Residents and information seekers
- FOI requests must name a topic or issue and give enough detail (time, place, event) so staff can find the record. Broad “all emails” requests without a topic can be refused.
- Public bodies and municipalities may refuse requests that are trivial, repetitive, in bad faith, already answered, or would unreasonably disrupt operations. Quick review and appeal steps apply.
- Some Auditor General reports may be shared confidentially with MLAs if a minister says disclosure could harm public safety or the public interest. A committee can later allow parts to be released.
- Government communications are more centralized; many public registries and services are grouped under specific departments.
Landowners and resource operators
- If you need access across private land for mining, quarrying, farming, or forest harvesting, you must apply to the Supreme Court of Nova Scotia for a right‑of‑way if the landowner refuses.
- The court can grant a right‑of‑way only if it’s necessary, avoids gardens, orchards, and buildings, doesn’t unreasonably disturb the owner’s use, and there’s no reasonable alternative route.
- Landowners receive court‑set compensation based on an appraisal. Applicants must pay for surveys, appraisals, and both sides’ legal costs, and can appeal to the Court of Appeal.
Municipalities and local governments
- Can refuse FOI and personal‑information correction requests that are trivial, abusive, overly broad, or disruptive. Must decide within 14 days and give reasons and review options.
- Time limits pause while a review or court appeal is underway.
MLAs, ministers, and political staff
- New salaries from December 1, 2024 (payments start after May 1, 2025): MLAs $115,000; Premier $115,748; ministers with a department or office $63,250; ministers without one $40,250; Speaker $63,250; Deputy Speaker $26,450; Leader of the Opposition $63,250; other recognized opposition leader $37,950; ministerial assistants $16,100.
- You may decline the raise by March 31, 2025. From April 1, 2026, annual increases match civil service wage increases (unless you declined).

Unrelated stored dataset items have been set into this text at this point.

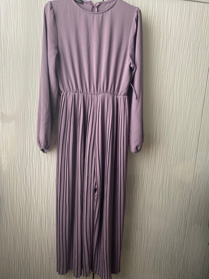 Lila renkte, Pileli elbise görünümlü ve uzun kollu, bol kesim tulum. Yumuşak sentetik kumaştan, yuvarlak yaka ve desensiz tasarım. Bir tane kemer yeri kopuk görselde görüldüğü gibi.Günlük kullanım için ve nişan kına için uygundur.
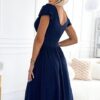 Elegancka Sukienka Matilde o długości midi – lekko za kolano, z brokatowego granatowego materiału. Posiada elegancki dekolt na zakładkę i krótkie rękawki. Fason sukienki z podkreśloną talią. Połyskujący materiał nadaje sukience blasku i elegancji. Sukienka midi idealna na wieczorne wyjścia, bale, Święta, komunię, śluby i inne eleganckie przyjęcia.
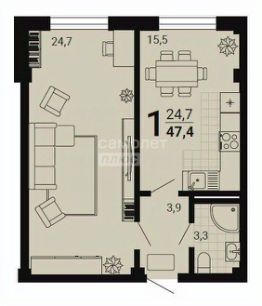 Современная 1-комнатная квартира площадью 47,4 кв. метра в новом монолитном доме, расположенном на 3-м этаже 5-этажного дома.
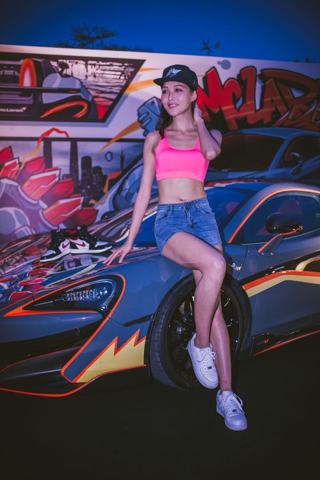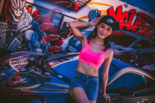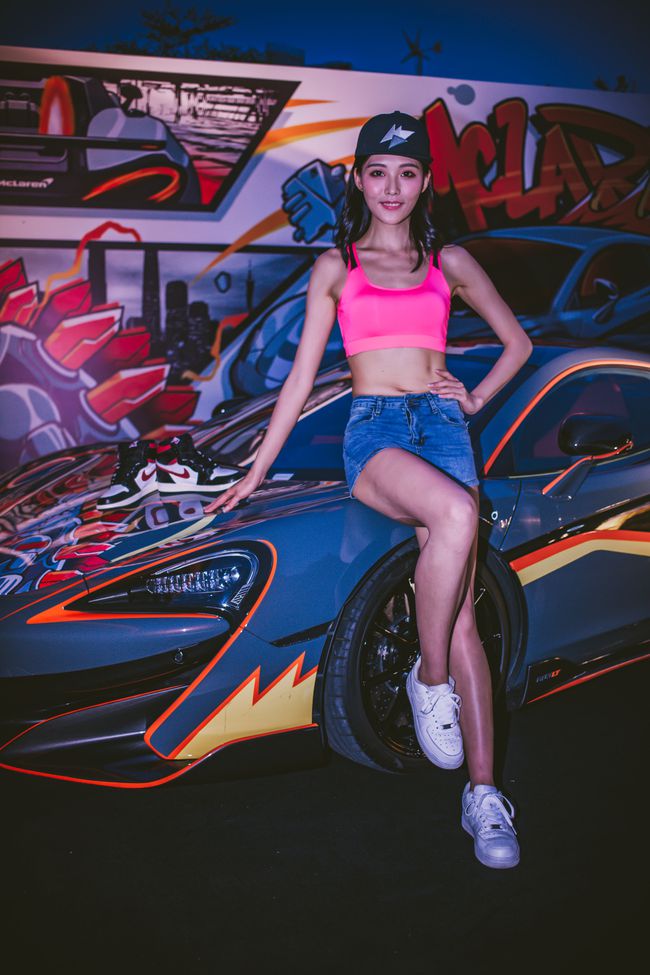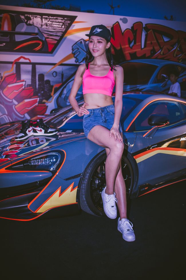 韩国美女车模吊带背心牛仔热裤秀小蛮腰大长腿
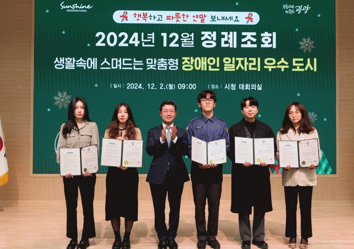 정인화 광양시장은 “한국공공자치연구원 주관 전국 226개 기초지자체를 대상으로 실시한 한국지방자치경쟁력지수평가에서 광양시가 호남 1위, 전국 22위를 달성했다. 또한 보건복지부에서 주관하는 2025년도 장애인일자리사업 우수일자리 우수상을 수상했다”며 우수한 성과를 내기 위해 노력한 직원들을 치하했다.

- Extra role salaries count toward pensions, and members in those roles must contribute 8% of that extra salary.
Journalists and watchdogs
- Access-to-information work may get harder if requests are deemed too broad or vexatious. Reviews are faster but can be refused or discontinued by the Review Officer in certain cases.
- The Attorney General can order that certain records in the Auditor General’s hands are protected by legal privilege, which limits disclosure under the AG Act (orders can be judicially reviewed).